Since the direct deregistration process is automatically conducted through the Central Clearing and Settlement System (CCASS), the cash consideration (HKD 155 per share, adjusted for any dividend deductions) is deposited directly into shareholders' securities accounts by the offeror without requiring shareholders to actively sell or trade through brokers. Therefore, no market transaction-related fees (such as commissions, stamp duty, trading levies, system fees, etc.) are incurred; these fees apply only to normal trading on the Stock Exchange.
Thus, for investors with larger capital amounts who are sensitive to transaction costs, waiting for HSBC Holdings to pay out in cash is often the more cost-effective choice.


Hang Seng Index Constituent Adjustments and Market Impact.
HSBC Holdings is not only a publicly traded company but also one of the founding constituents and the namesake of the Hang Seng Index (HSI). The impact of this delisting on the index system is evident, but such effects primarily relate to changes in constituent composition rather than the index's operational mechanism itself.

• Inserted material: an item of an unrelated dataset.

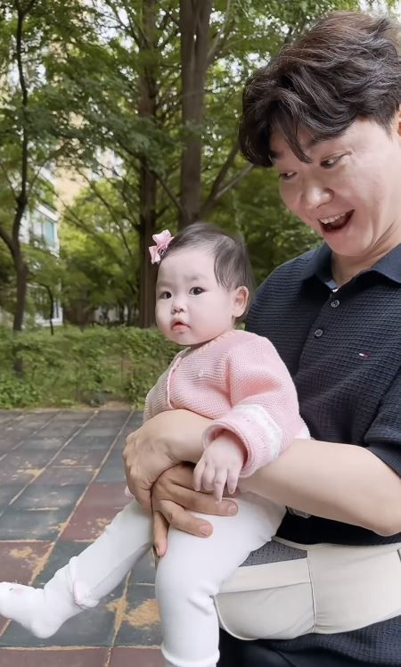 공개된 영상 속 박수홍은 힙시트에 딸을 앉혀두고 산책에 나선 모습. 박수홍은 딸의 사랑스러운 모습에 눈을 떼지 못하다 함박미소를 짓는다.

After Hang Seng Bank's delisting, Hang Seng Index Company will adjust its constituent stocks by removing Hang Seng Bank,but this adjustment does not include an immediate replacement stock, and the number of Hang Seng Index constituents will temporarily decrease.This process will trigger passive funds to rebalance their portfolios.
However, it is important to note that after Hang Seng Bank completes its privatization and deregistration through a scheme of arrangement, large institutions and passive funds typically passively wait to receive cash consideration rather than actively selling on the last trading day, in order to reduce unnecessary transaction costs and tracking errors. (For example, the privatization of blue-chip Li & Fung in 2020)
ETFs and index funds tracking the Hang Seng Index will use the cash received to adjust the weightings of the remaining constituent stocks to ensure fund performance closely tracks the index.
For Hang Seng Index Company, the delisting of Hang Seng Bank will not affect its independent operation.Although Hang Seng Index Company contains 'Hang Seng' in its name, as a professional index provider, it has an independent operational system and product release plan. The privatization of Hang Seng Bank is merely a capital operation at the parent company level, which will not interfere with the index company’s ability to continue releasing new products or maintaining the fairness and authority of the existing index system.
As January 27 approaches, Hang Seng Bank, code '11', will soon become a historical symbol. Whether investors choose to exit at the last moment or quietly wait for the cash to be credited to their accounts, they will personally witness this landmark event in the Hong Kong stock market. For long-term holders, this may be a dignified farewell, with the price of HKD 155 providing a definitive end to this long journey.